Her brows lifted, an
d she stood balanced in the moment, waiting for my answer. My mind spun through images-the gingerbread house, my family, the war, a castle and crypt. I pulled away and stepped back, putting an arm's length between us, though it might as well have been a chasm.
"I was wrong to ask you out. Take me back to the hospital . . . please."
For a long moment, she didn't respond. Then she put her glove back on, took my hand, and led me across the traffic on Tremont Street, past the ice sculptures and down by the frog pond, over the hill with the obelisk and into the dungeon of a garage. When we were both buckled safely in the car, she eased out of the parking space and then, with a stab of her foot on the accelerator, lurched up the exit ramp.
She said not a word, not there and not on the ride back to the hospital. As I listened to the rumble of the snow tires, I watched her hands clutching the steering wheel at ten and two o'clock. Her jaw was set, and her lips compressed into a thin line as she focused on the road ahead. I found myself praying for the first time in years, to the Goddess or whoever would listen.

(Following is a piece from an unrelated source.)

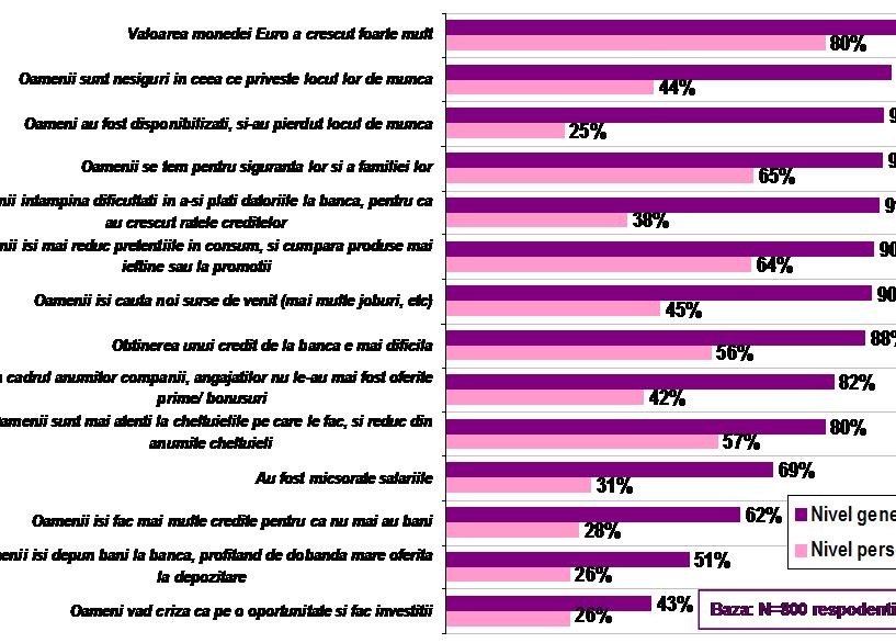 Astfel dintre efectele asociate crizei, romanii au constatat ca cei din anturajul lor isi fac din ce in ce mai multe griji in ceea ce priveste stabilitatea locului de munca (94%), pe cand din randul celor intervievati doar 44% au fost afectati in mod direct. De asemenea exista perceptia ca oamenii au inceput sa intarzie in achitarea datoriilor catre banci (91%), dar in mod direct doar 38% se confrunta cu aceasta problema. In ceea ce priveste gasirea unei surse de venit suplimentare doar 45% au luat in considerare aceasta posibilitate, dar uitandu-se la cei din jur perceptia asupra procentului celor care au inceput deja ca caute este mult mai mare, si anume 90%. Putini dintre ei ar privi criza ca o oportunitate pentru a face diferite investitii in aceasta perioada (26%).

Don't let my demons drag her down.
Chapter Thirty-Three
The Dagger of Sorrow
Day twenty-nine. One more day before the end of all things. As I trudged down the path to the royal gardens, time itself seemed to be winding down like the hands of an aging clock. No birds sang. The wailing of the wind had softened to a moan, and what passed these days for daylight was fading.
I'd reconsidered my plan. The thought of bringing Rebecca to the crypt made my fists clench so tightly the nails left marks in my palms. How could I have presumed to drag her down into my world of demons and assassins? Whatever course the final trial might take, it was something I had to do alone.
In the end, there was only me.
When I arrived at the gardens, I found her bustling about, organizing things that needed no organizing. She was muttering to herself, checking off her list as she scurried about. Prune the hydrangeas. Water the flowerbeds. Lock the tools in their shed so children playing in the garden won't harm themselves. As if she were leaving for the last time. I stood by, silently admiring her energy.